= Paul John (Yupik elder) =

American Yup'ik elder, cultural advocate, and commercial fisherman

Paul Joseph John (1929 – March 6, 2015) was an American Yup'ik elder, cultural advocate, and commercial fisherman. John was a proponent of traditional Central Alaskan Yup'ik culture, including the use of the Central Alaskan Yup'ik language and a subsistence lifestyle, including wild food. Additionally, John helped to settle the village of Toksook Bay, Alaska. A traditional chief of the Nunakauyarmiut tribe, he was a member of the Association of Village Council Presidents (AVCP), which is based in Bethel, Alaska.

== Early life ==
Paul John was born in the village of Old Cevv'arneq, also known as Chefornak, Alaska. He was raised in a sod house in an Alaskan village on the Bering Sea. John, who spoke very little English and conversed in fluent Central Alaskan Yup'ik language, recalled living with seals as a child to promote respect for animals. He later moved to nearby Nightmute, Alaska, to marry his wife, Martina (née Anguyaluk). In 1964, Paul and Martina John moved to Toksook Bay when the village was established.

== Contributions and Collaborations ==
Paul John, who possessed an in-depth knowledge of Yup'ik traditions and language, was featured in a number of books by Ann Fienup-Riordan, an Alaskan cultural anthropologist. John was cited dozens of times in Fienup-Riordan's book, "Yuungnaqpiallerput" ("The Way We Genuinely Live"). For example, in "Yuungnaqpiallerput", John described the qasgi, a traditional men's community house, saying "The qasgi was like college, and our elders were like our professors." He was one of the last Yup'ik who was raised with the qasgi men's house as an integral part of the village community. He recalled the qasgi as a place where the community learned "how to live and how to work." John also authored several books on Yup'ik history and folkways in his native language, composed Yup'ik songs, and created dances which are still performed.

He was also able to describe Yup'ik artifacts to researchers. He was among a group of Yup'ik who travelled to museums as far away as Berlin, New York City, and Washington D.C. to view and identify artifacts from the Yukon-Kuskokwim Delta. Additionally, he taught classes and workshops on Yup'ik crafts, dance and language to students. Paul John received an honorary doctorate from the University of Alaska Fairbanks for his promotion of Yup'ik culture.
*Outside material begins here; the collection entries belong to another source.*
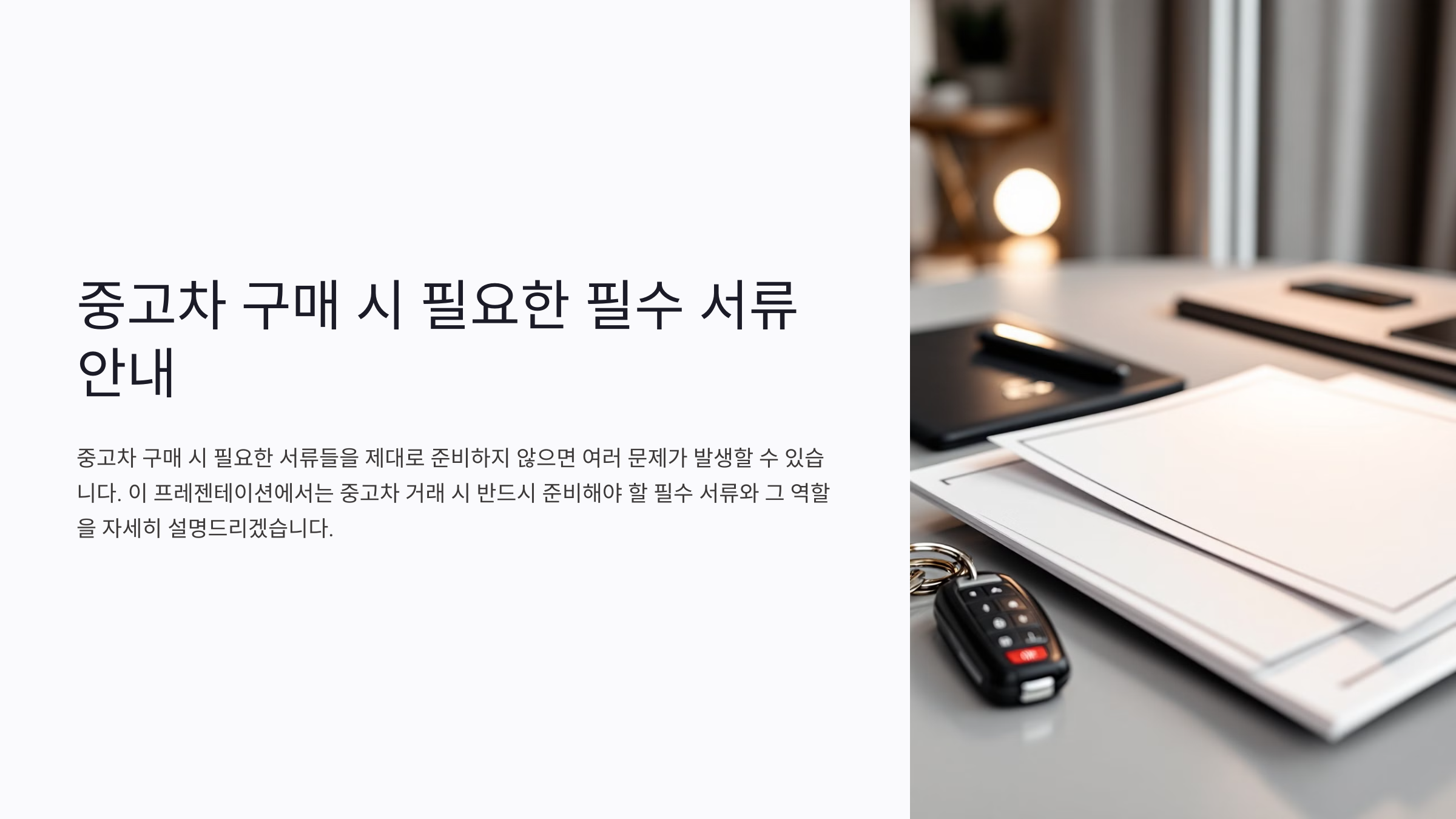 중고차를 구매할 때 필요한 서류들을 제대로 준비하지 않으면 소유권 이전, 보험 가입, 차량 운행 등에서 문제가 발생할 수 있어요. 중고차 거래는 서류와 관련된 절차가 까다롭기 때문에 사전에 정확히 알아두는 것이 중요해요. 이번 글에서는 중고차 거래 시 반드시 준비해야 할 필수 서류와 그 역할을 자세히 설명할게요.
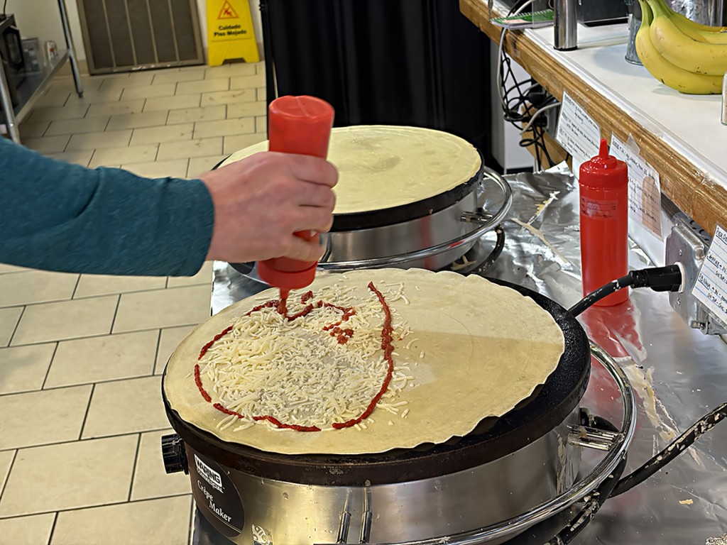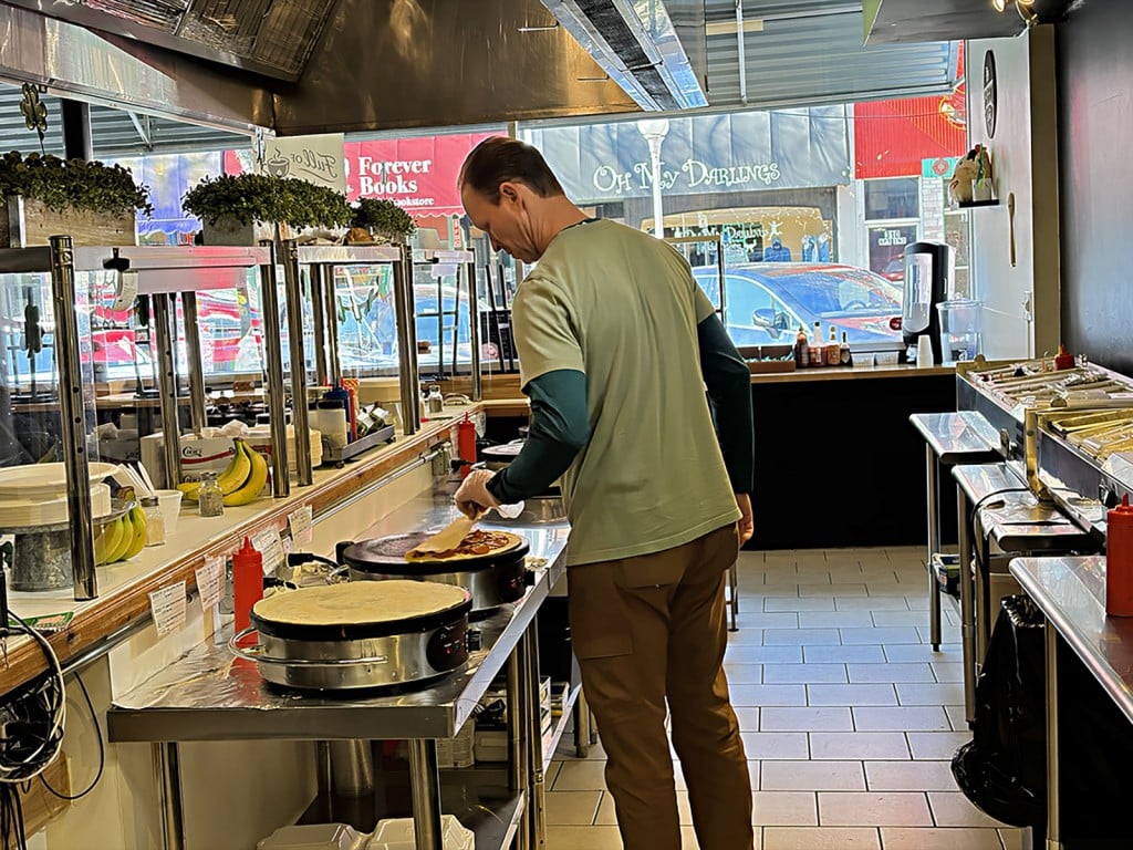 “I’ve been putting money away for a while, and almost all of it for this creperie came out of our pocket,” Aaron says. “Getting close to the opening, I thought, ‘It’s getting tight,’ so I did go to a credit union, and I took out a small personal loan. I just kinda’ had that money stashed away in case, and we used some of it for the espresso machine.”
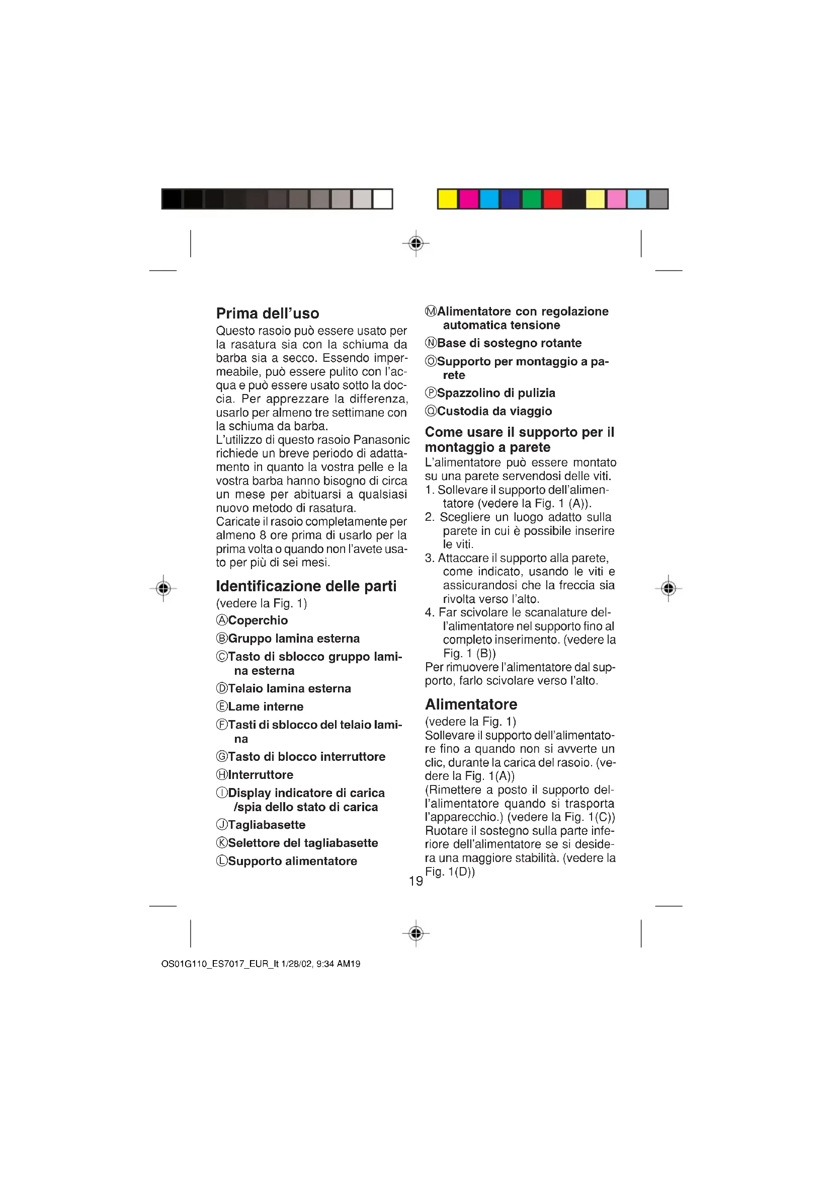 - Utilisez ce rasoir conformément à l’usage prévu et aux instructions du mode d’emploi. Utilisation domestique uniquement. OS01G110_ES7017_EUR_Fr 1/28/02, 9:34 AM1819 Prima dell’uso Questo rasoio può essere usato per la rasatura sia con la schiuma da barba sia a secco. Essendo imper- meabile, può essere pulito con l’ac- qua e può essere usato sotto la doc- cia. Per apprezzare la differenza, usarlo per almeno tre settimane con la schiuma da barba. L’utilizzo di questo rasoio Panasonic richiede un breve periodo di adatta- mento in quanto la vostra pelle e la vostra barba hanno bisogno di circa un mese per abituarsi a qualsiasi nuovo metodo di rasatura. Caricate il rasoio completamente per almeno 8 ore prima di usarlo per la prima volta o quando non l’avete usa- to per più di sei mesi. Identificazione delle parti (vedere la Fig. 1) A Coperchio B Gruppo lamina esterna C Tasto di sblocco gruppo lami- na esterna D Telaio lamina esterna E Lame interne F Tasti di sblocco del telaio lami-

== Leadership and legacy ==
Paul John was a commercial fisherman in Bristol Bay by profession. He was among the first village residents to compete in sled dog races in Anchorage and Bethel. He was a member of the Association of Village Council Presidents, the Inuit Circumpolar Conference, and a founding member of the board of directors of the Yukon-Kuskokwim Health Corp.

Paul John died at the Alaska Native Medical Center in Anchorage, Alaska, on March 6, 2015, at the age of 85. His illness, which required hospitalization in Anchorage, had prevented him from making a final visit to Toksook Bay. He was survived by his wife Martina (then aged 62), nine surviving children, thirty grandchildren, and thirty-five great-grandchildren. His memorial service was held at St. Anthony's Catholic Church in Anchorage on March 10, 2015. Dignitaries in attendance included Lt. Governor Byron Mallott. He was buried in Toksook Bay.